HuggingFace's [Transformers](https://huggingface.co/docs/transformers/index) is a popular deep learning framework. You can
seamlessly integrate ClearML into your Transformer's PyTorch [Trainer](https://huggingface.co/docs/transformers/v4.34.1/en/main_classes/trainer)
code using the built-in [`ClearMLCallback`](https://huggingface.co/docs/transformers/v4.34.1/en/main_classes/callback#transformers.integrations.ClearMLCallback).
ClearML automatically logs Transformer's models, parameters, scalars, and more.
Use ClearML's web interface to reproduce tasks and edit their details, like hyperparameters or input models, then execute the tasks
with the new configuration on a remote machine.
When ClearML is integrated into a script, it captures and stores configurations, such as hyperparameters
and model settings. When executing a task, the ClearML Agent will, by default, override runtime configuration values
(such as hyperparameters and environment variables) with the values specified in the task.
However, for tasks using Transformers, the default behavior is different. By default, Transformers tasks ignore UI
overrides and use execution-time parameters (such as environment variables). This is done to prevent potential issues
with environment-specific settings when running tasks on different machines.
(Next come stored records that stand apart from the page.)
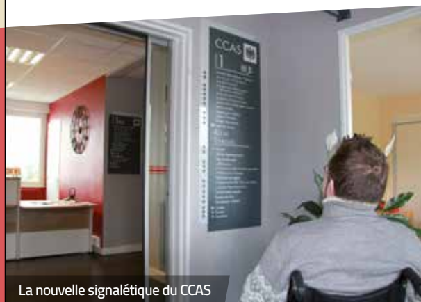
La nouvelle signalétique du CCAS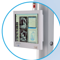
Soporte para pantalla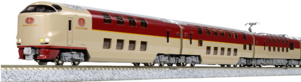
K10-1564 Series 285-0 Sunrise Express Set básico 7 coches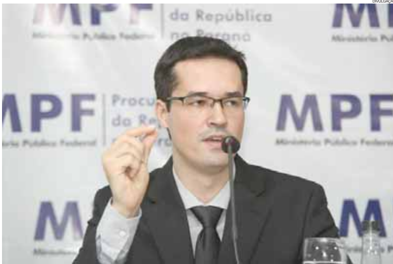
Para Dallagnol, o momento é oportuno para apertar o cerco aos corruptos

São Paulo - O procurador da República Deltan Dallagnol, chefe da força-tarefa da Operação Lava Jato, disse ontem que os crimes de corrupção no Brasil matam mais do que os de homicídio. Em sua exposição no lançamento oficial da campanha "10 Medidas contra a Corrupção" em São Paulo, ele acrescentou a Lava Jato chegou a tal ponto no País que o tema corrupção virou corrente em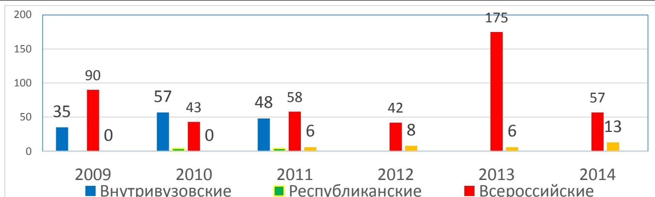
Рис. 1. Количество научных публикаций в разрезе последних 5 лет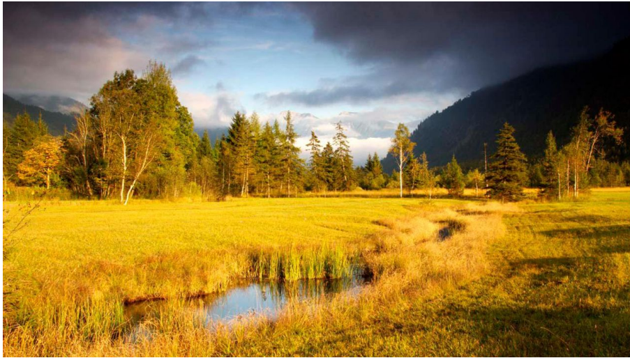
Wanderung durchs Weidmoos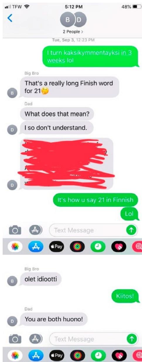
KUVA 3. Owenin perheen chat.

Owen kirjoittaa, että hän toisinaan chattelee perheensä kanssa suomeksi huolimatta siitä, että nämä eivät osaa suomea. Kuva 3 on kuvakaappaus Owenin keskustelusta isänsä ja veljensä kanssa (sotkettu kohta on Owenin oma lisäys).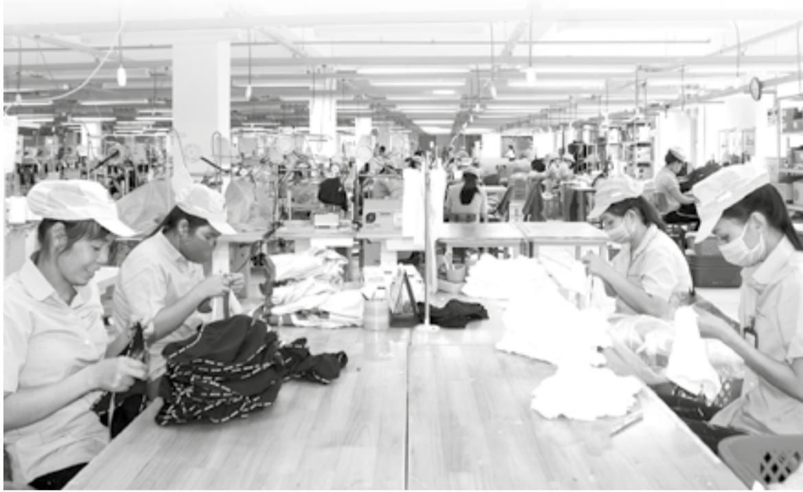
● Công nhân tại Khu Công nghiệp Suối Dầu.

thực tế đáng quan tâm là lao động trung niên và NCT chủ yếu làm việc trong khu vực phi chính thức, tự tạo việc làm, quy mô nhỏ, thu nhập chưa ổn định. Các mô hình việc làm linh hoạt, bán thời gian phù hợp với sức khỏe và kinh nghiệm của người lớn tuổi chưa phát triển đồng bộ. Bên cạnh đó, khả năng tiếp cận đào tạo lại, chuyển đổi nghề của nhóm lao động này còn hạn chế, nhất là trong bối cảnh chuyển đổi số và yêu cầu kỹ năng ngày càng cao. Điều này khiến một bộ phận lao động có nguy cơ mất việc khi doanh nghiệp tái cơ cấu hoặc đổi mới công nghệ.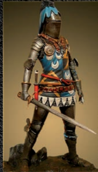
Henry V d'Angleterre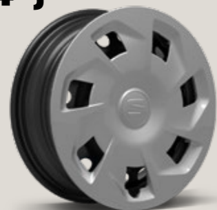
Urban 10/02 M&Y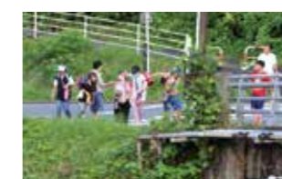
子供たち登所 児童が学校終わりに児童クラブに来るので職員で出迎えます。「ただいま」「おかえり」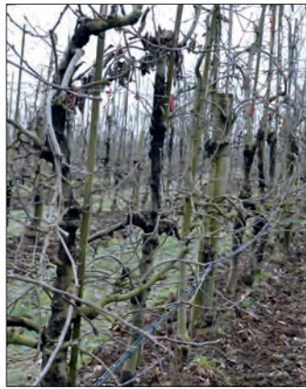
Abb. 2: starker Befall einer Apfelanlage mit Schwarzem Rindenbrand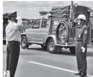
①② きびきびとした動作で統制のとれた行進・点検の所作を披露 [分列行進・車輛点検]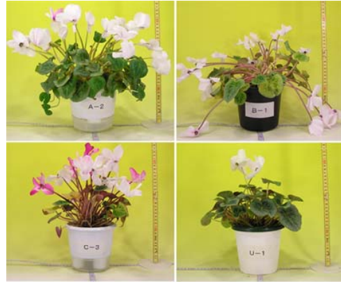
写真1 シクラメン観賞終了時点の例 注: 観賞終了はモニター個々の判断による。枯れ上がってきたものの他に、花が無くなったもの、花はあるが形が崩れてきたものなどの終了パターンがある。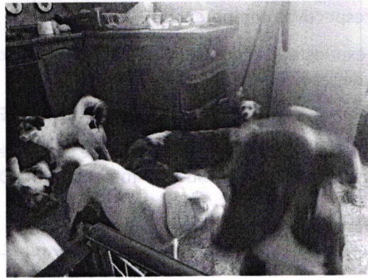
Fotografía 3 y 4. Lugar de alojamiento limpio.

En seguimiento a la denuncia, se solicitó a la persona denunciante mayor información sobre los actos de maltrato y/o crueldad animal que motivaron su denuncia, para lo cual se le concedió un plazo de 5 días hábiles; sin embargo, transcurrido el plazo otorgado, no aportó elementos o información adicional.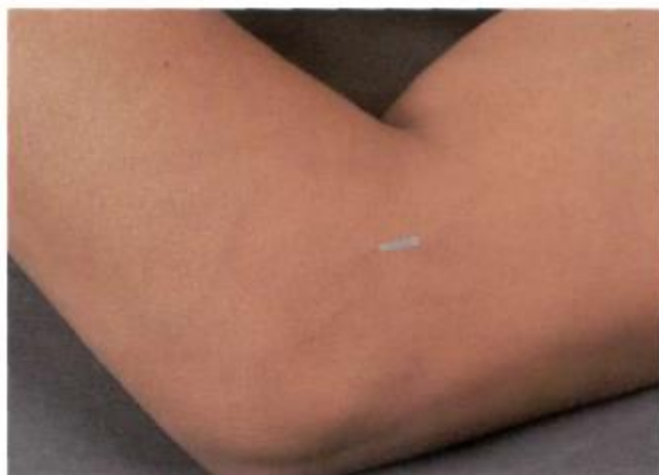
Figura 2: Localização do ponto IG-11 [10].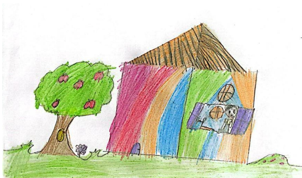
Figura 6 – Ilustração 6.

Natan senta todos as manhãs na janela de sua casa e observa de longe as árvores que lá estão.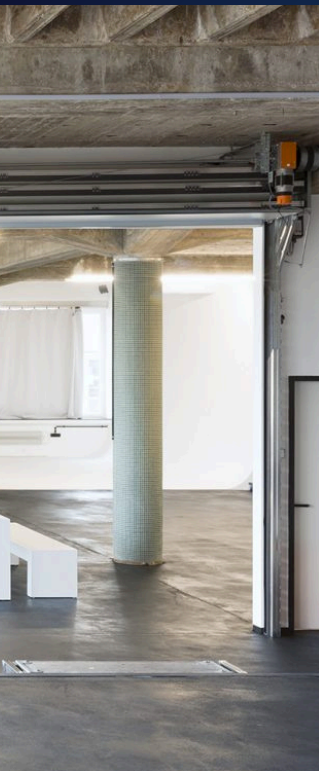
Project: RAW Studios, Berlijn, Duitsland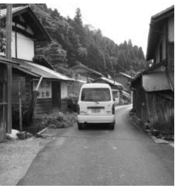
軽四が対向できない県道

水没地区住民代表が知事に要望書を提出したが、相も変わらぬ知事の、のらりくらりの財政難を理由に「今しばらくの間待つてくれ」では地元の人々を馬鹿にした回答である。 多賀町として今後、いかなる考えをもち対処していくつもりか、町長の考えを聞く。 町長 知事は、財政が危機的状況にあることを理由に半年、1年の時間を、との返答である。 ダム建設以外での治水対策が考えられないことを明確にし、粘り強く早期決断と早期実現を求めていく。 水谷の皆さんと全く変わらない気持ちで知事と交渉している。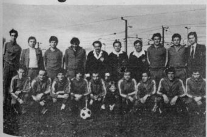
Moštvo Aluminija z osvojenim pokalom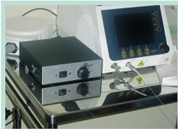
FIGURE 10 : Mini treuil électrique pour le retrait continu et motorisé d'une fibre laser, 2004.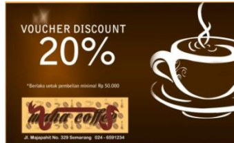
Gambar 9 Discount voucher

b) Layout : Menempatkan posisi cangkir kopi di sudut kanan sebagai point of interest . Discount voucher menampilkan sebagian cangkir kopi yang mewakili identitas kafe kopi dengan tulisan besaran diskon dan ketentuan yang berlaku dibawahnya terdapat logo. Warna coklat digunakan sebagai warna dasar dan warna putih sebagai warna font agar kontras.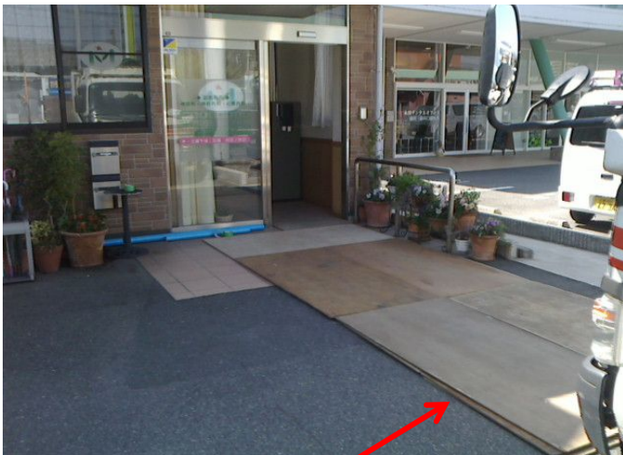
搬入口前スロープ 機械重量が1.6tもあるため、少しの傾斜も平らに。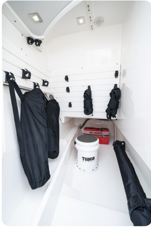
Tiara 34 LX port storage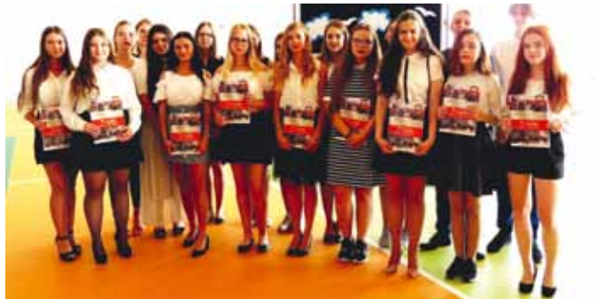
Maszewo Duże - stypendyści kl. III gimnazjum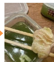
鶏肉や豚肉等を液につけ反応を確認する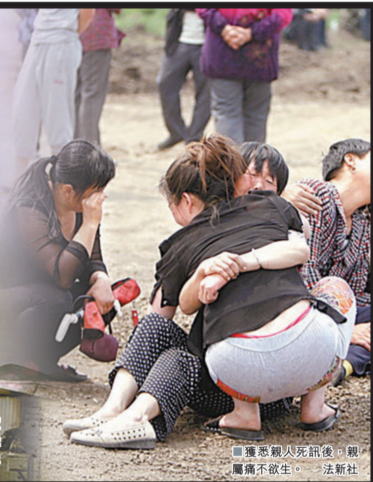
獲悉親人死訊後,親屬痛不欲生。

昨日上午6時06分,位於吉林省德惠市米沙子鎮的寶源豐禽業有限公司發生火災。記者冒著大雨到達現場,距離事發現場幾百米,警方就開始限制車輛通行。民眾聚集在警戒線外,希望獲悉親人消息,可是由於工人們上班後都將手機鎖在更衣室,所以就算僥倖逃生,一時間也無法聯繫親人,給傷亡統計工作帶來極大不便。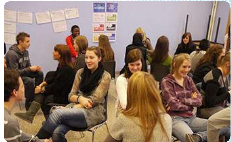
Apprendre à s'écouter pour bien se connaître

**To rerun a task with modified configuration:**
1. Clone the task
1. Edit the hyperparameters and/or other details.
1. In the **CONFIGURATION > HYPERPARAMETERS > Transformers** section, set both `_ignore_hparams_ui_overrides_` and `_ignore_model_config_ui_overrides_`
to `False` . This allows the task to use the new hyperparameter and model
configuration values respectively during execution.